I'd be interested in learning more how you implemented this. I reccomended somet...

JabavuAdams · on April 3, 2009

I'm kind of working on something similar.

One thing that struck me about C++ is that although template parsing, etc, is pretty hard, you can get a long way by segmenting the source into delimited regions. This might also speed up your semantic analysis, by allowing you to write code that's operating on a known kind of region.

For instance after pre-processing, it should be easy to find nested "{", "[", "(", "\"", "'", and "<". Segmenting the source in this way, first, might make further processing easier.

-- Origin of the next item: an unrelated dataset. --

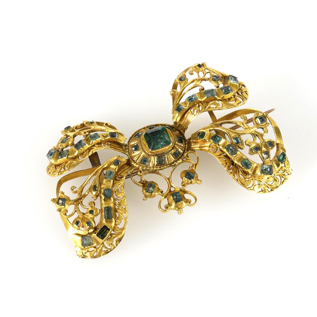 Filigrane, schleifenförmige Brosche mit zentral zargengefasstem Smaragd und 49 kleineren. Hakenverschluss. Broschierung ergänzt. Wohl kleine Öse fehlt.

It seems that the standard parsing methods we learn in CS are optimized for single-pass speed, but not for maintainability or development efficiency. Computers have gotten fast. Using multiple passes of simpler operators seems like a good promising approach.

I see the process of parsing as some kind of folding, where you start with a linear sequence of chars and gradually fold it over and over into a "lumpy" tree.

jng · on April 13, 2009

My actual scheme is similar in some ways to what you describe. More complex, because it involves many different types of structures.

Also, my approach is more explicit, I don't "restart a parse" in a general way, as I contemplate each possible change explicitly. This is prohibitive to do by hand for a full grammar, but I'm not doing full C/C++/C# analysis, so it's doable. It also makes the dynamic parser fully incremental.